Zuppa Toscana Soup (Olive Garden Copycat Recipe)
Zuppa Toscana Soup combines Italian sausage, crispy bacon, and tender sliced potatoes in a rich broth with kale and cream for a hearty, comforting soup. The broth is seasoned with garlic, onions, and chili flakes for depth, and finished with Parmesan cheese for added savoriness. This soup delivers layers of flavor and textures from the creamy base, tender potatoes, and leafy kale, making it a filling dish perfect for cooler days or as a main course.
Ingredients
- 1-2 Tablespoons neutral cooking oil generic cooking oil
- 1 onion diced, large
- 2 garlic finely diced, cloves
- 1 teaspoon red chili flakes
- 1 lb. Italian sausage
- 6 Bacon cooked until crispy, slices
- 2 large (or 3 medium Russet Potatoes, scrubbed and cut in half lengthwise, then cut into thin slices)

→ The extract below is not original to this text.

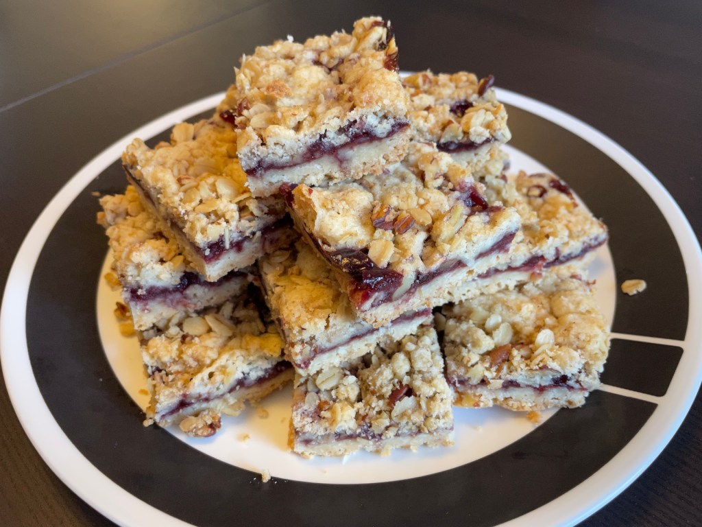 Got a jar of jam you’ve been wanting to make use of? Got some butter and flour and sugar and oats? You’re pretty much all set!

- 32 ounces chicken broth 4 cups
- 1 teaspoon black pepper
- 2 cups kale (finely chopped)
- 1 cup heavy cream
- 3/4 cup Parmesan Cheese (for garnish or place half in soup)
- salt to taste)
Instructions
- Heat a large pot over medium-high heat and add oil, onion, garlic, and red chili flakes. Let cook for 1 minute. Add sausage and cook until browned and cooked through. Remove sausage and onions and place on a paper towel-lined plate.
- Add bacon and cook until crispy --according to package instructions. Remove from pan and set aside. Once bacon is cool enough to touch, crumble or cut into bite-size pieces.
- Add potatoes, chicken broth, and pepper to the pot and bring to a boil. Once it comes to a boil, reduce to medium-low heat. Stir in sausage mixture. Cook for 15 minutes or until potatoes are tender. Add finely diced kale and continue to cook for 5-10 more minutes.
- Stir in heavy cream and half of parmesan cheese, if so desired. Heat for 5 minutes.
- Stir in crumbled bacon, reserving some for garnish.Serve warm topped with parmesan cheese.